Garrett Groshek looks to give veteran leadership and pass-catching ability to Wisconsin's new three-headed monster at the running back position.

Garrett Groshek looks to give veteran leadership and pass-catching ability to Wisconsin's new three-headed monster at the running back position.

Image By: Taylor Wolfram

How do you replace one of the best running backs of all time? 

That’s the unenviable question head coach Paul Chryst and the rest of the Wisconsin staff will be forced to answer this season, as a stable of relatively unproven backs attempt to fill the impossibly large shoes left by two-time Doak Walker Award winner Jonathan Taylor. 

Rather than designate a feature back, it appears Chryst plans on implementing a running-back-by-committee system to begin the 2020 season, relying on a rotation of Nakia Watson, Garrett Groshek and Issac Guerendo. 

While no depth chart has been officially released, Chryst made it clear in speaking with the media last week that the onus would be on those three to carry the load.

“Between [Watson, Groshek and Guerendo] you hope to be productive,” Chryst said. “Certainly not trying to match what [Taylor] did, but we do have to get really good, consistent, production from that group.” 

The lion's share of the touches will likely go to Watson, a redshirt sophomore with 74 career carries to his name.
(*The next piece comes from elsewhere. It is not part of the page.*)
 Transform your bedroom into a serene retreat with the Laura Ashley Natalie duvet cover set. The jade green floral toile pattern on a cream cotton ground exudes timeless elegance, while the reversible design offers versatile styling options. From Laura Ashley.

In backup duty to Taylor in 2019, Watson rushed for 331 yards (4.5 yards per carry) and found the endzone twice, generating plenty of hype for his 2020 campaign in the process. 
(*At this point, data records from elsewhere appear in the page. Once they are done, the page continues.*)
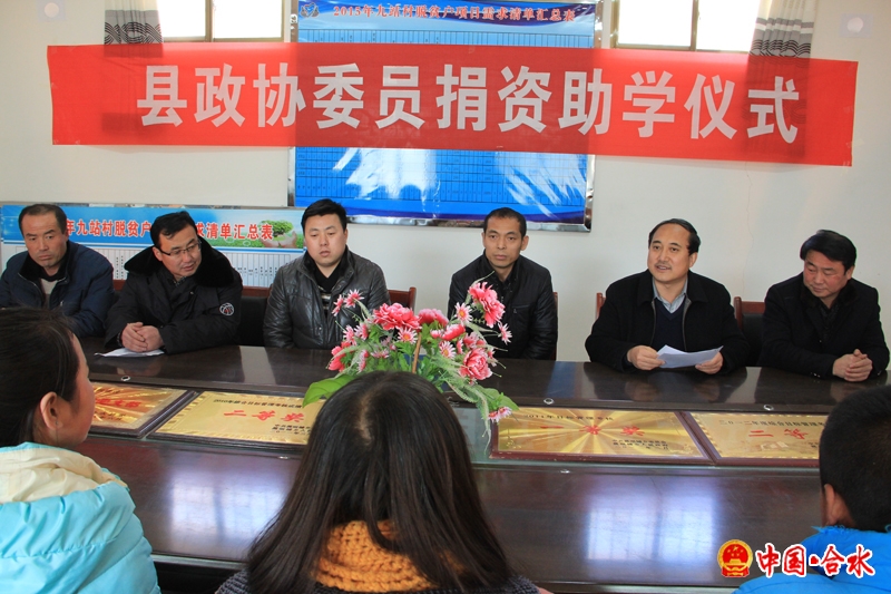 近年来,县政协高度关注家庭贫困学生的上学问题,积极联系广大委员和社会各界人士,慷慨解囊,捐资助学,解决了部分贫困学生上学难的问题。在此次资助贫困大学生活动中,县政协委员、甘肃科进集团公司总经理李佳捐资6000元资助了3名贫困学生,县政协委员、合水县怡露水业有限责任公司董事长杨宏斌捐资4000元资助了2名贫困学生。
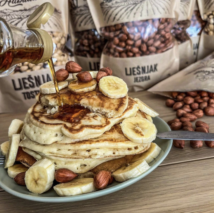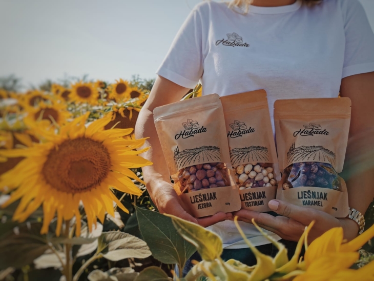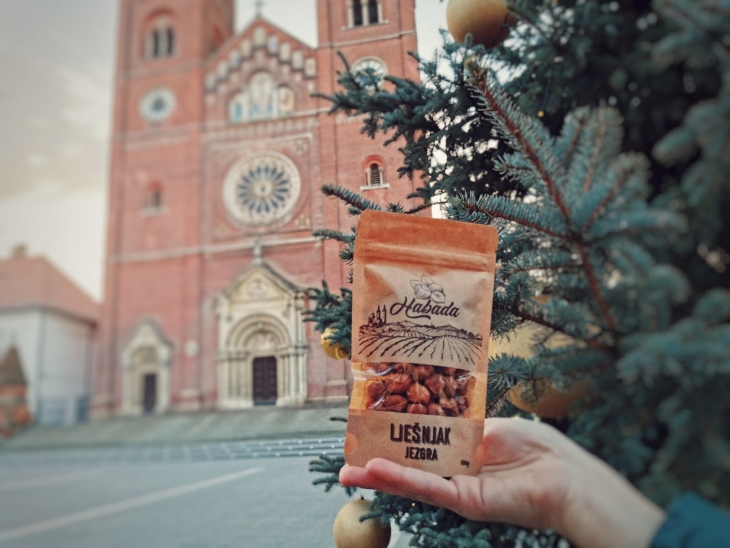 Domaći lješnjaci vrhunske kvalitete plod su obiteljskog truda i rada u nasadima lijeske na plodnoj slavonskoj crnici u đakovačkom kraju. Lješnjak jezgra dolazi u prigodnoj retro ambalaži s motivima Đakovačke katedrale i slavonskim poljem u pakiranjima od 100g, 250g, 500g i 1kg
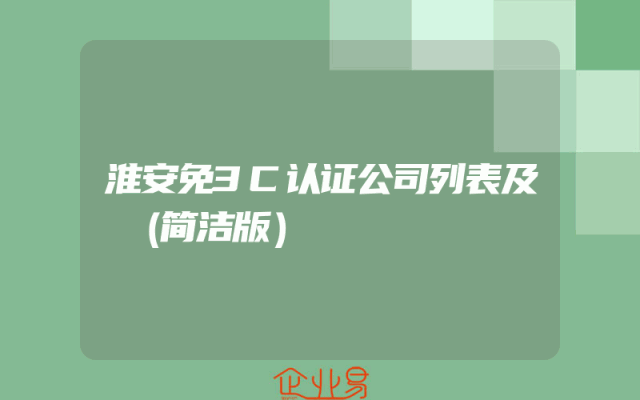 - 淮安免3C认证公司列表及解析(简洁版)一、淮安免3C认证公司概览在中国市场,3C认证是电子产品进入市场的必要门槛。淮安市作为江苏省的重要城市,拥有众多企业,其中部分企业在某些领域达到了免3C认证的标准。本文将详细解析淮安免3C认证的公司列表
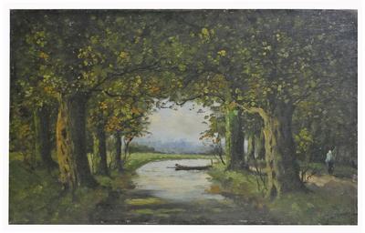 Description: European School Landscape Oil Board, Circa 1900; signed lower right.
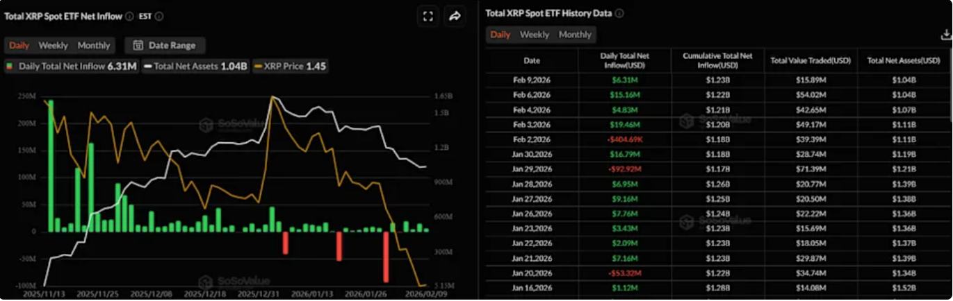 统计数据显示,美国股票市场的现货XRP ETF目前合计持有超过10.4亿美元规模的总净资产测算。XRP ETF已交易 56 天,并且仅出现过4天的资金净流出规模。
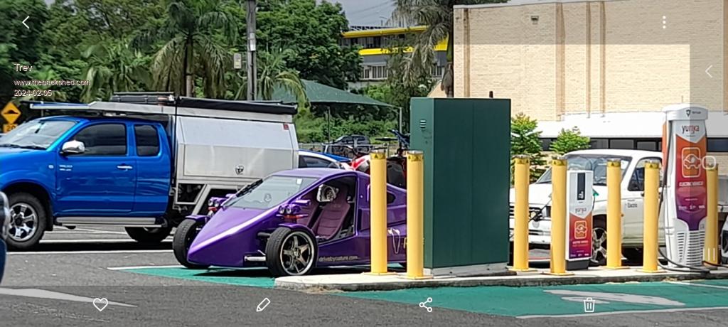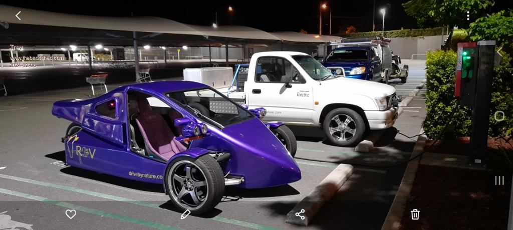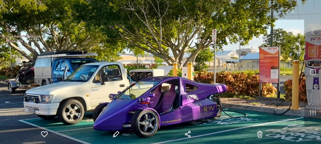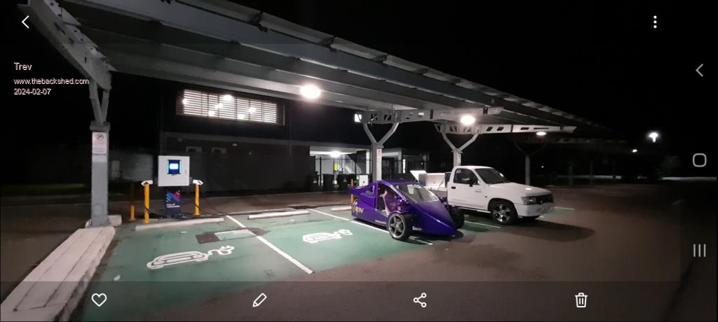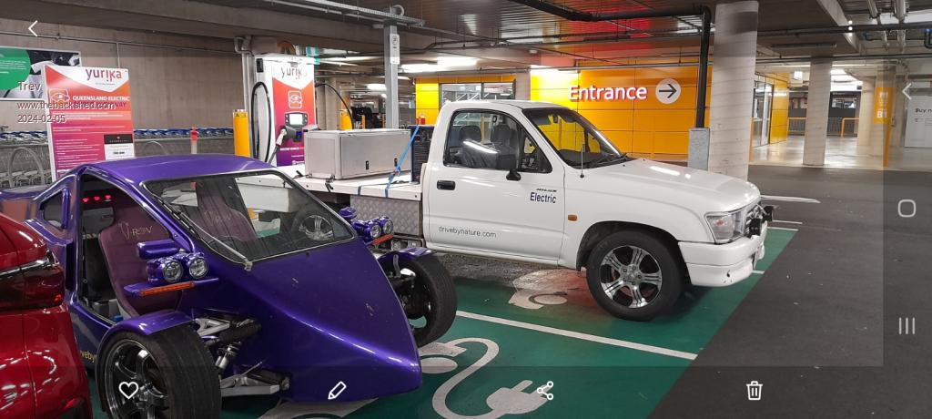 Drove to Port Macquarie and charged. Free to charge. Had to wait for another EV to vacate, to get T-Rev in. EV Hilux took the only bay left, when we got there.
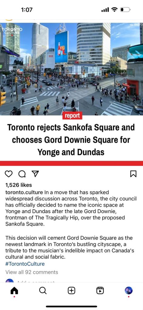 1. Yonge-Dundas Square to be renamed after Gord Downie

Standing at five-foot-eleven, 229 pounds, Watson certainly looks the part of the quintessential power back. His tantalizing potential was put on display in week one of the 2019 season, where he rushed 14 times for 80 yards and a touchdown against South Florida. 

Detractors, however, cite Watson’s lack of breakaway speed as cause for concern. After a 27-yard carry in the season opener, Watson had just one carry of longer than 20 yards over the rest of the season, and he himself admitted he needed to be more consistent in 2020. 

“From watching myself last season and going into this season, I’ve noticed that I need to be more consistent with my runs,” Watson told the media after practice last week. “Just knowing where the lineman are supposed to be at and getting fundamentally sound with the lineman. Just knowing what everyone is doing, knowing what the quarterback is doing.”

While Watson will get plenty of work on first and second down, his lack of experience as a receiver and blocker will mean Garrett Groshek will likely open as the third-down back. 

Groshek, a redshirt senior, had more yards receiving (289) than rushing (194) last season, and offers tantalizing agility and elusiveness in space, as evidenced by his impressive 10.0 yards per reception in 2019. 

Like Watson, Groshek stressed consistency as the key to a successful rushing attack this season. 

“First and foremost, taking care of the ball and being consistent,” Groshek said regarding his approach. “Whether it’s practice or in the game, just being the same player on every rep. Just feeding off of each other.”

The final piece in the Badger rushing attack is exciting weapon Issac Guerendo, an electrifying running back/receiver hybrid who turned heads with a 4.38 40-yard dash in high school. Much like Aron Cruickshank, who transferred to Rutgers this offseason, Guerendo is comfortable lining up at both receiver and tailback. 

Guerendo didn’t see much action last season, carrying the ball just once and recording just one catch. He flashed his athletic ability, however, as a kickoff returner, blazing past defenders for a 56 yard return against Minnesota. 

Groshek was effusive in his praise for Guerendo during media availability and sees him as a key cog in the rotation going forward. 

“Obviously the first thing you see is his speed,” Groshek said of Guerendo. “He’s been one of the fastest guys on the team since he’s walked in the building. He’s come a long way as far as learning how to play running back since coming in as a wide receiver.”

None of these three will be the “next Jonathan Taylor,” but the Badgers are counting on this three-pronged rushing attack to be successful in both rushing and passing situations.